Task directions
From the line containing "As mentioned above, Manubot" through the last line of the entries below, print each line exactly. Pictures stay out.

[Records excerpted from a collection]
[Start of Attachment]

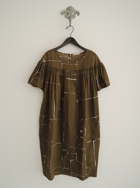 デザイン::mina perhonen 「undiscovered」のワンピースです。カラーはブラウン系カーキ×ホワイトで、プリント入りの薄手生地であしらわれております。バックボタンで着脱し、裏地はございません。(掲載写真は、実商品のカラーにできるだけ近づけるよう努力はしておりますが、お使いのモニターや画面設定等によっては、色が異なって見える場合もございますので、予めご了承下さい)
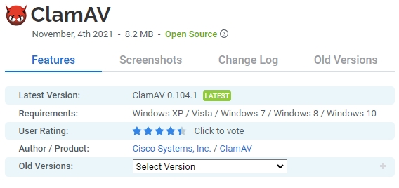 ClamAV는 트로이 목마 , 바이러스 , 맬웨어 및 기타 악성 위협을 탐지하기 위한 오픈 소스 바이러스 백신 엔진입니다. ClamAV는 이메일 스캐닝, 웹 스캐닝, 엔드포인트 보안 등 다양한 상황에서 사용되는 Windows PC용 오픈소스(GPL) 안티바이러스 소프트웨어입니다. 유연하고 확장 가능한 다중 스레드 데몬, 명령줄 스캐너 및 자동 데이터베이스 업데이트를 위한 고급 도구를 비롯한 다양한 유틸리티를 제공합니다. 여기에는 다중 스레드 스캐너 데몬, 주문형 파일 스캔을 위한 명령줄 유틸리티 및 자동 서명 업데이트가 포함됩니다.
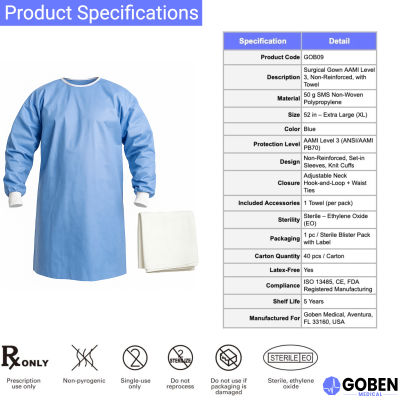 The Goben Medical XL Surgical Gown (GOB09) is engineered to provide reliable AAMI Level 3 protection for surgical personnel and patients against fluid penetration and microbial transfer in critical zones.
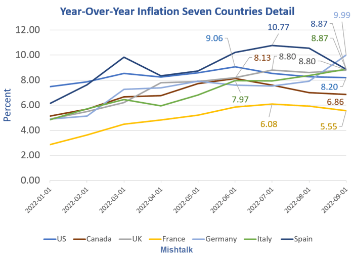 .Inflation in Spain was the highest peak so far at 10.77 percent.
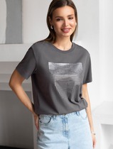 Нарядная футболка с принтом фольгой из премиального хлопка с эластаном
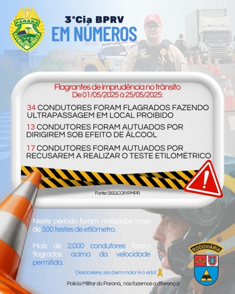 A 3ª Companhia da Polícia Militar Rodoviária (BPRv), que atua na fiscalização de 1.800 quilômetros de rodovias estaduais em toda a região Oeste do Paraná, divulgou nesta semana um balanço das infrações de trânsito registradas entre os dias 1º e 25 de maio de 2025.
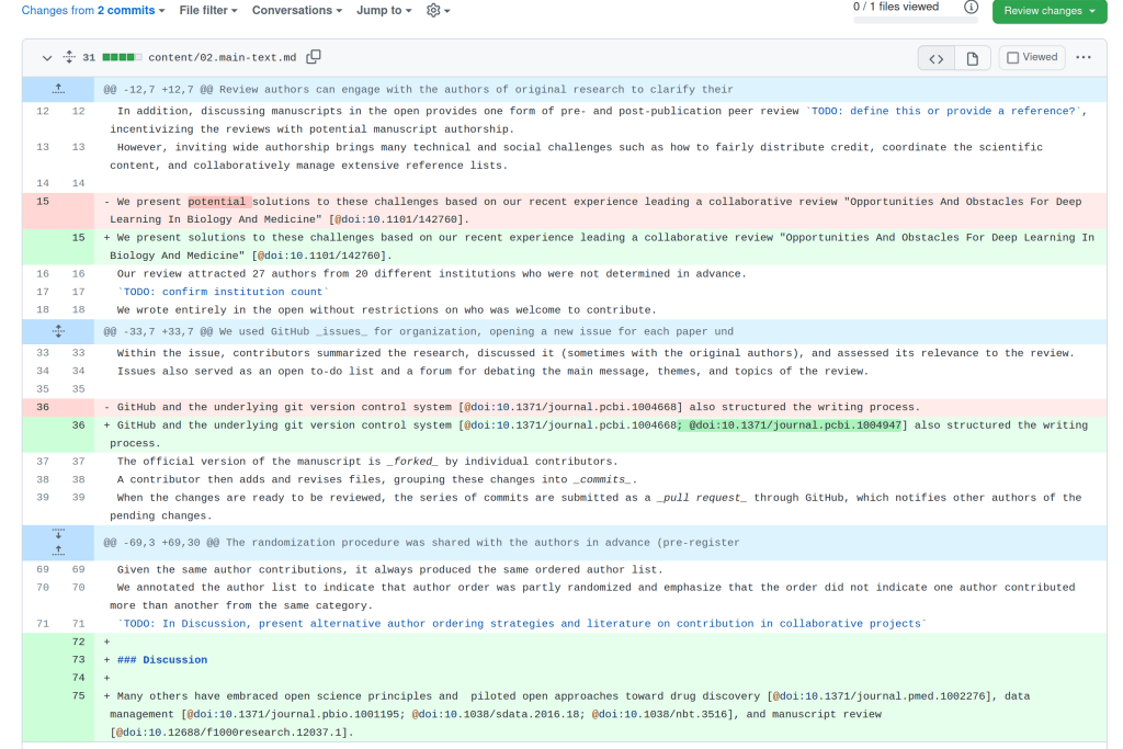 As mentioned above, Manubot papers are written in Markdown. The use of a simple, plain-text format such as Markdown has several advantages. Authors can use whatever text editor they want to work on their manuscripts. There is even the possibility of writing the paper directly on GitHub and its built-in editor. Also, plain-text makes it easy to use version control software, Git in this case, to track changes.
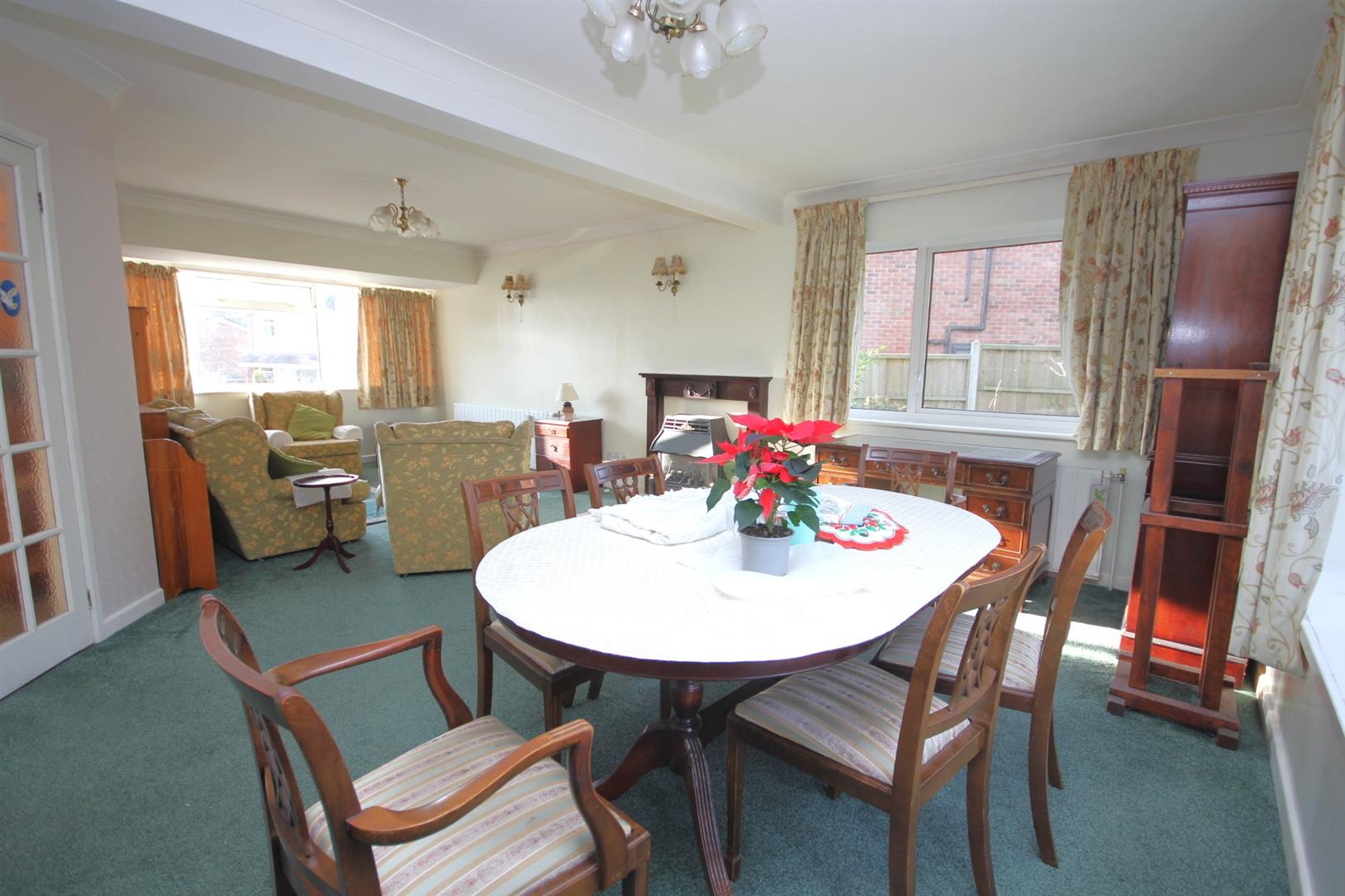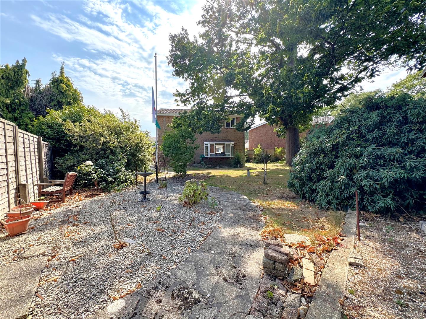 Rear & side gardens laid to lawn, paved patio areas, mature shrubbery/flower beds & shed to remain

[End of Attachment]

Task solution
 As mentioned above, Manubot papers are written in Markdown. The use of a simple, plain-text format such as Markdown has several advantages. Authors can use whatever text editor they want to work on their manuscripts. There is even the possibility of writing the paper directly on GitHub and its built-in editor. Also, plain-text makes it easy to use version control software, Git in this case, to track changes.
 Rear & side gardens laid to lawn, paved patio areas, mature shrubbery/flower beds & shed to remain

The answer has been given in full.